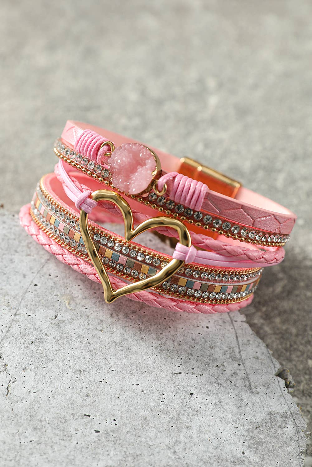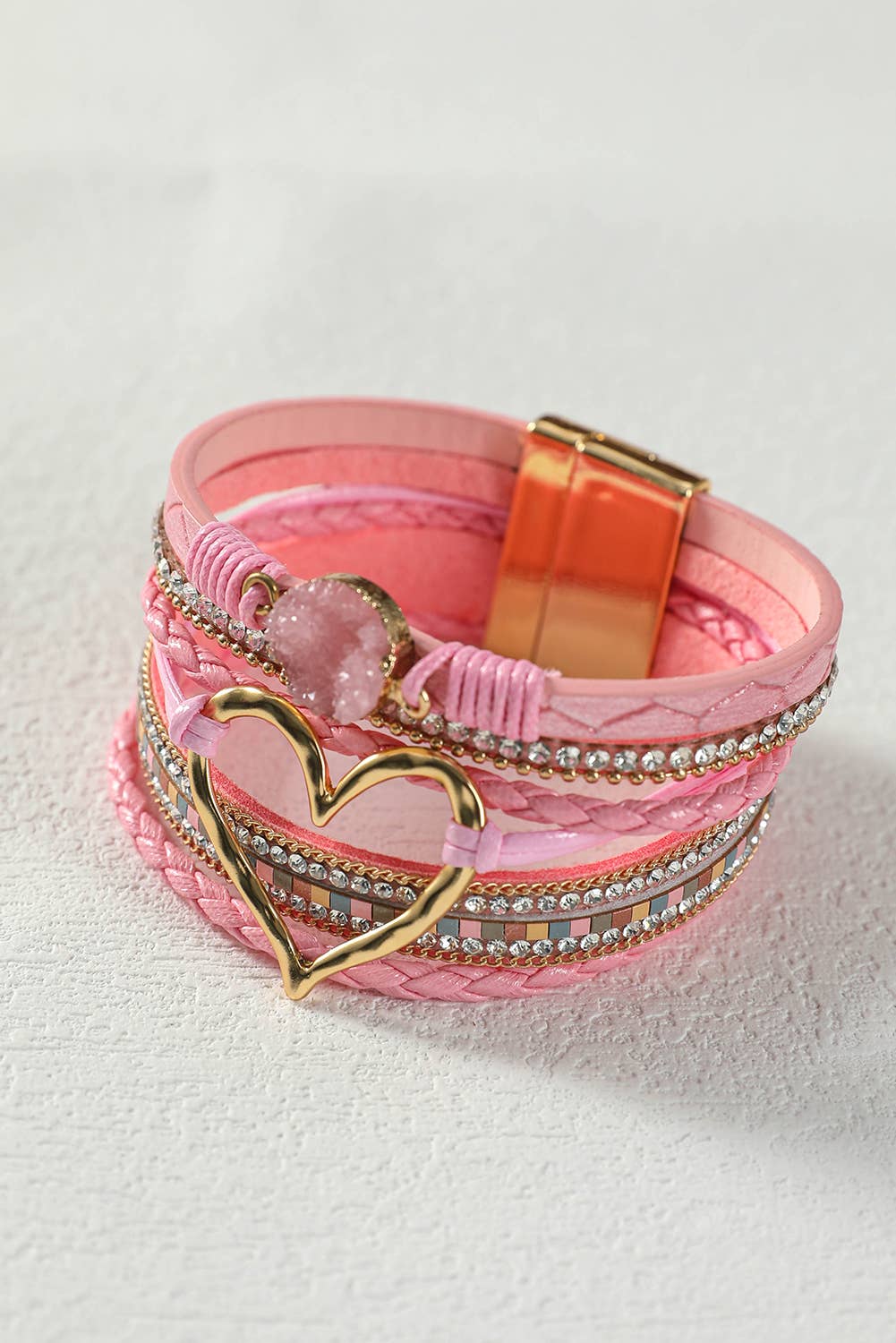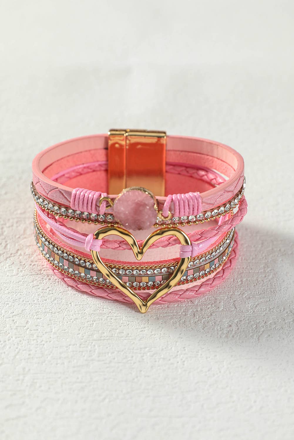 Heart Rhinestone Valentine Buckle Bracelet: As shown / Missy / Standard
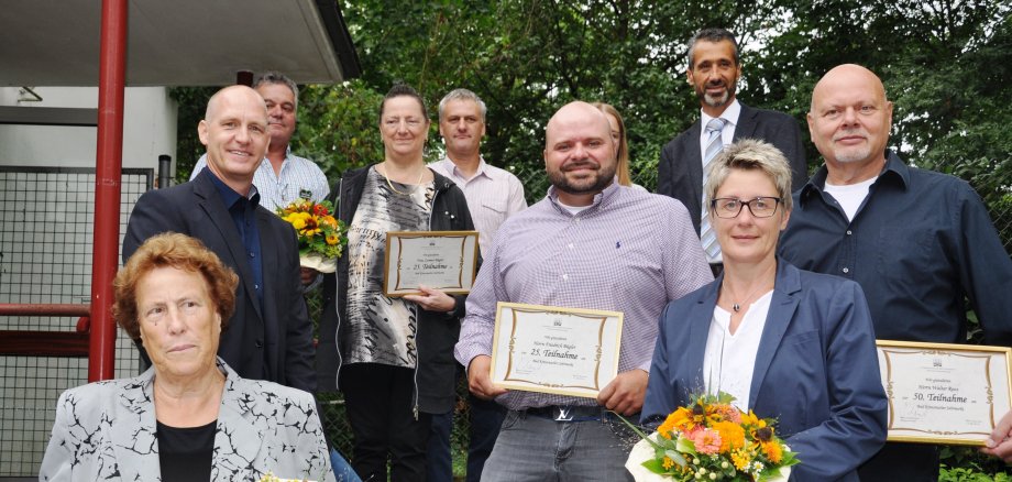 Foto: Bedankten sich für die Treue zum Jahrmarkt mit einer Urkunde: Jahrmarktsbürgermeister Markus Schlosser und Marktmeister Mathias Weyand (dritter von rechts) mit den Schaustellern (von links) Renate Mönnig, Carmen Bügler mit Familie, Johann Bügler (Sohn des verhinderten Friedrich Bügler) und Walter Roos mit Ehefrau.
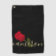 Serviette De Golf Rose Rouge Sur Noir Et Or Monographié
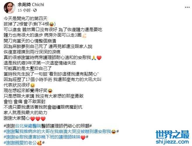 开完刀的第4天,余苑绮发文:拔掉了2根管子,还剩下4根。可以进食了,虽然胃口并没有以前好,但恢复体力还是要吃一些。体力方面已经有了很大的进步,在病房外可以走3圈了。
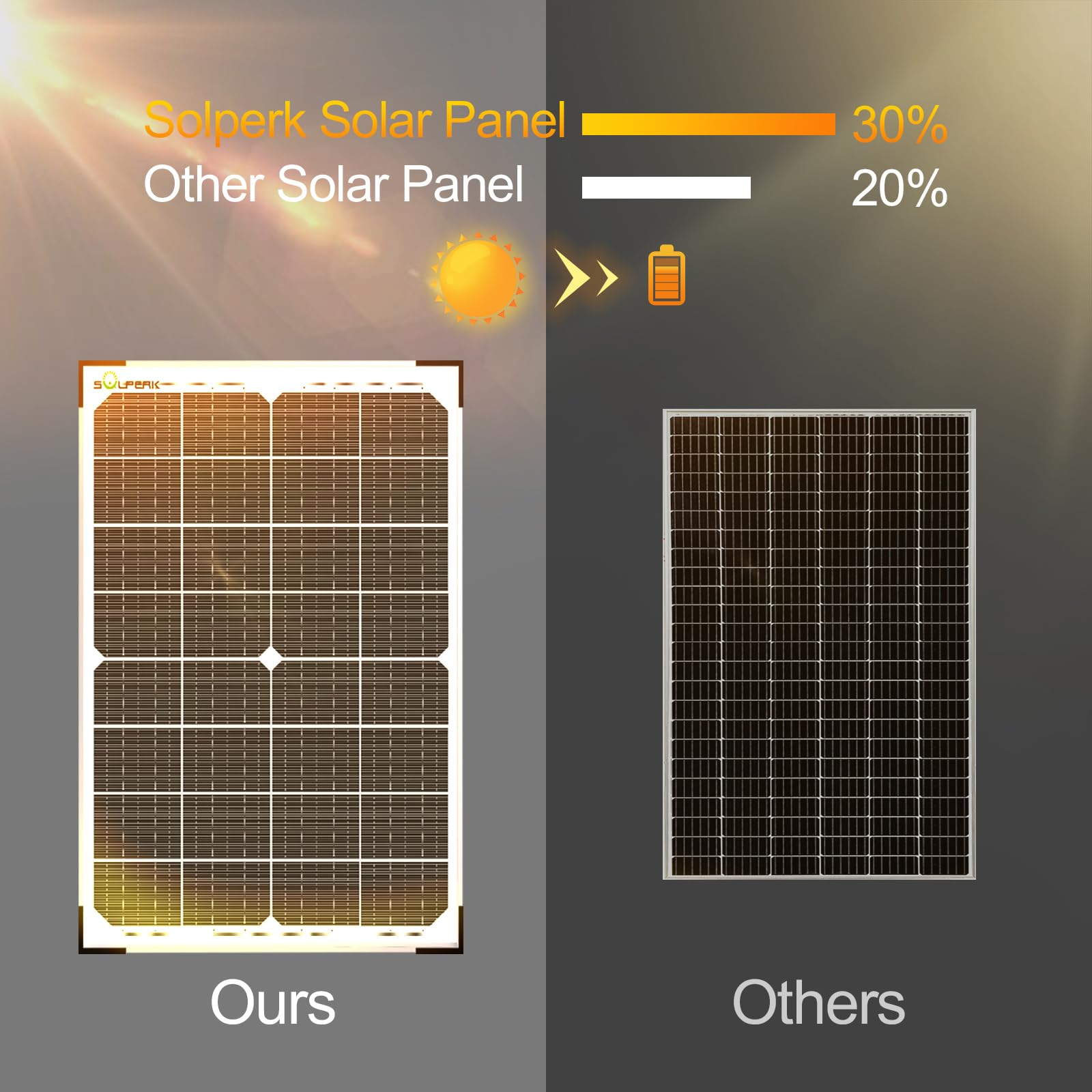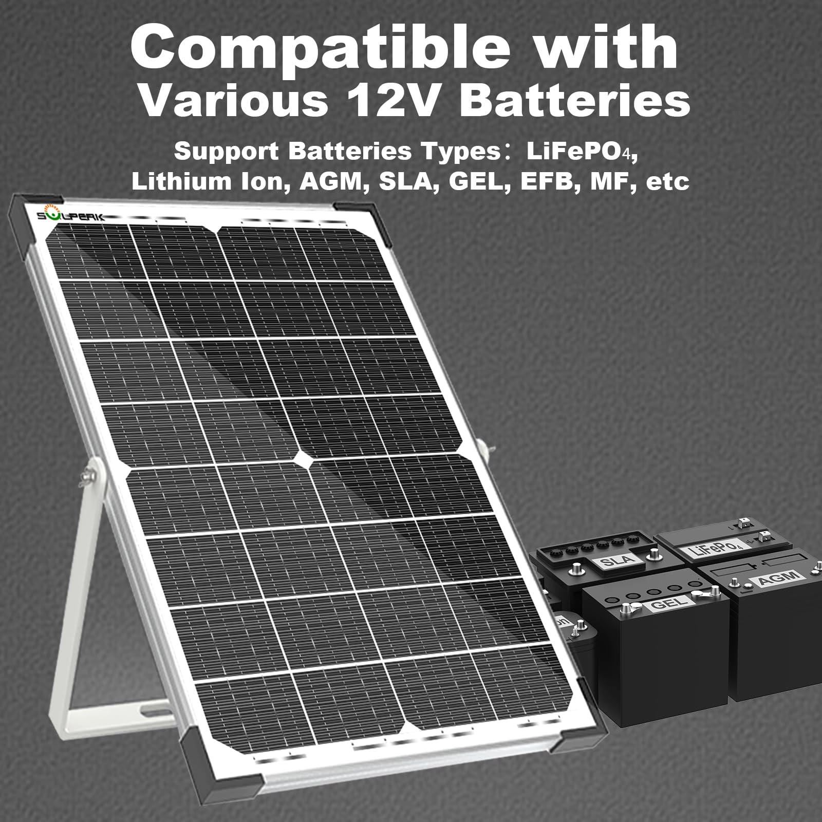 【Advanced monocrystalline silicon】 The 30 watt solar panel uses A+monocrystalline silicon, monocrystalline A+ solar cell has an excellent cell efficiency of 30%。 Solar Charger Kit designed to charge and maintain 12V rechargeable batteries, including LiFePO, with a lifespan of up to 25 years, Lithium Ion, AGM, SLA, GEL, EF.

◆ ◆ ◆ ◆ ◆ ◆ ◆

▶ [TRY IT]:
Pictures are to be omitted from the copy. Reproduce exactly, and only, the lines from the one containing "开完刀的第4天,余苑绮发文:拔掉了2根管" to the end of the listing above.

▶ [EXPECTED OUTPUT]:
 开完刀的第4天,余苑绮发文:拔掉了2根管子,还剩下4根。可以进食了,虽然胃口并没有以前好,但恢复体力还是要吃一些。体力方面已经有了很大的进步,在病房外可以走3圈了。
 【Advanced monocrystalline silicon】 The 30 watt solar panel uses A+monocrystalline silicon, monocrystalline A+ solar cell has an excellent cell efficiency of 30%。 Solar Charger Kit designed to charge and maintain 12V rechargeable batteries, including LiFePO, with a lifespan of up to 25 years, Lithium Ion, AGM, SLA, GEL, EF.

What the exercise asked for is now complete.